Combating the Surge of Tech-facilitated Gender-Based Violence — Tricia Gloria Nabaye

What you need to know
  • Proactive steps must be taken to address online violence agains


This article was written by Tricia Gloria Nabaye, the Advocacy and Engagement Lead at Policy

As the world unites to commemorate the 16 days of activism against gender-based violence (GBV) targeting women and girls, an alarming trend demands our attention–the escalating prevalence of tech-facilitated violence. This not only jeopardises women’s online participation but also carries tangible consequences in the physical realm.

The Institute of Development Studies reports that between 16 to 58 percent of women have faced technology-facilitated GBV, with 38 percent experiencing personal online violence and 85 percent witnessing digital attacks against other women.

Tech-facilitated gender-based violence encompasses cyberbullying, doxxing, and revenge porn, underscoring the urgent need to recognise these virtual actions’ far-reaching real-world implications.

A study by Policy, a feminist civic tech organisation based in Uganda, reveals a stark reality-one in three women in the country has fallen victim to online violence.

Shockingly, 66 percent resorted to blocking perpetrators, while 14.5 percent deactivated their social media accounts to escape abuse. Sexual harassment, offensive name-calling, and stalking emerged as the most common manifestations of online violence, leading to self-censorship and withdrawal from online spaces.

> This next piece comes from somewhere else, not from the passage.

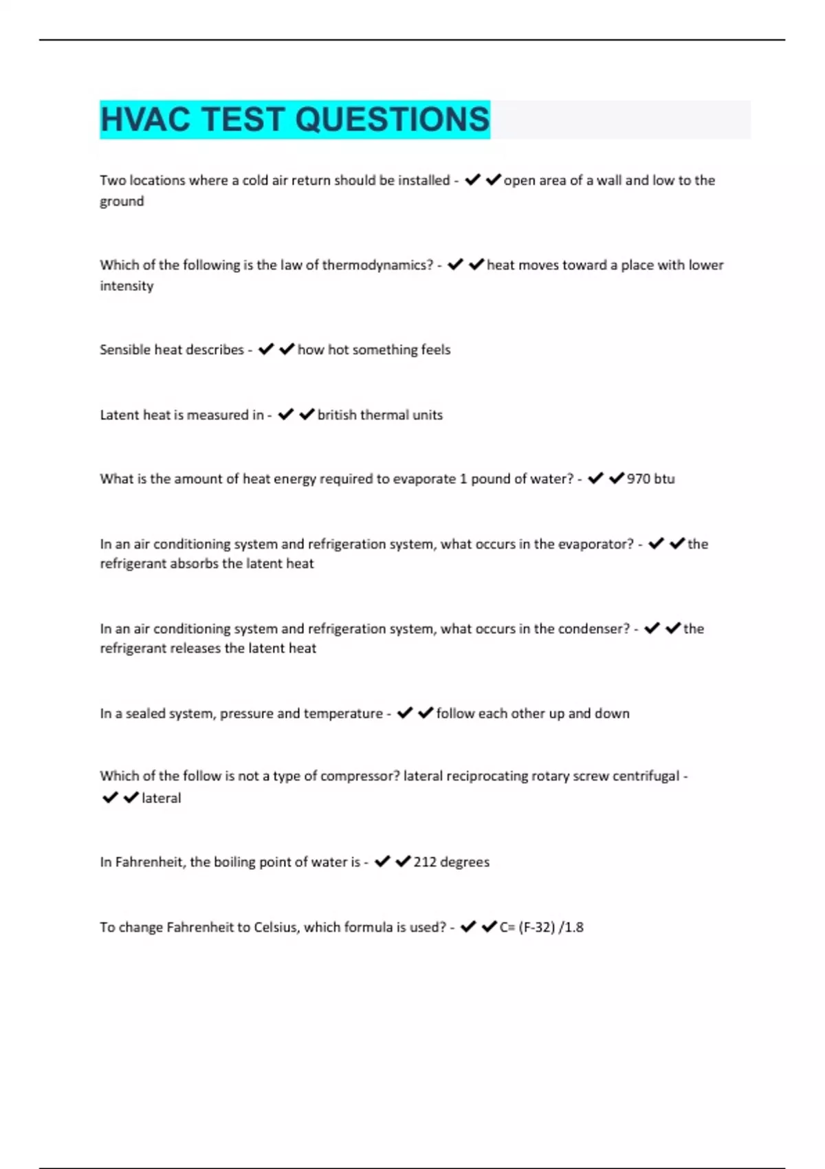 HVAC TEST QUESTIONS AND ANSWERS | VERIFIED

The undeniable link between online violence and women’s safety in public spaces necessitates immediate action. Online harassment can manifest as physical threats, limiting freedom of movement and participation in the physical public sphere.

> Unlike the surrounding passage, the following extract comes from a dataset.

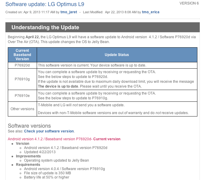 For reasons unknown T-Mobile has halted the Jelly Bean rollout for the LG Optimus L9. As of 3:50pm this afternoon, T-Mobile updated their support page for the software update with a brief statement: “LG has paused the update … [read full article]

In the face of the surge in gender-based violence on online platforms in Uganda, now is the critical moment to protect individuals, provide resources for survivors, hold perpetrators accountable, and work to prevent and eradicate gender-based violence worldwide. Addressing the pervasive and persistent issue of tech-facilitated GBV requires a concerted effort, putting all our resources behind it.

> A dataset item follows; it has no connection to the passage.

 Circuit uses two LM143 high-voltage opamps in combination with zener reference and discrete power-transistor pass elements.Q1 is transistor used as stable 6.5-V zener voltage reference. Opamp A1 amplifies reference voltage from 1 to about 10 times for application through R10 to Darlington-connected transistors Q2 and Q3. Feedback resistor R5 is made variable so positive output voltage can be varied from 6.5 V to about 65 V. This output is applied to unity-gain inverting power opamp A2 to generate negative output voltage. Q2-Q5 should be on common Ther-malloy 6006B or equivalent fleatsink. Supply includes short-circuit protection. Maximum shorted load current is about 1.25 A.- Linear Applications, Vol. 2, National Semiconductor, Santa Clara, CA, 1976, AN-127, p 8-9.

Political leaders must play a pivotal role in fostering safe public spaces. Collaboration between local authorities, law enforcement, and organisations dedicated to tackling GBV is essential in ensuring that beyond legislation, there are consequences to online abuse that women and girls continue to face. We must provide sterner punishments for perpetrators of online gender-based violence.

Also, engaging with tech companies to scale solutions is a critical solution needed in addressing tech-facilitated gender-based violence; tech giants like X (formerly Twitter) must be brought into the fold to share knowledge and develop strategies for protecting online users and penalising perpetrators, given their extensive reach. 

Empowering grassroots women to navigate the digital world safely is a crucial and multifaceted endeavour. This involves implementing comprehensive strategies to enhance their digital literacy and ensure a secure online experience. Such training recognises the importance of bridging the digital divide and equipping women at the grassroots level with the skills needed to navigate the digital landscape safely.

The synergy between femtechs (female technology) and data is a transformative force in the realm of women’s safety in public spaces. By harnessing the power of innovative technologies, leveraging user-generated data, and advocating for policy changes informed by evidence, this partnership holds the potential to create safer, more inclusive environments for women worldwide, and in the end, these solutions can contribute to creating environments where women feel secure, empowered, and supported in their daily lives.

However, this is not solely a local issue; it is a global challenge. Online violence against women is pervasive worldwide, emphasising the imperative for international collaboration to address it effectively.

Sharing best practices is essential to address technology-facilitated GBV, recognising that as technology evolves, our response requires nuance to amplify positive impacts and mitigate negative ones. In conclusion, proactive steps must be taken to address online violence against women and prioritise safety for all.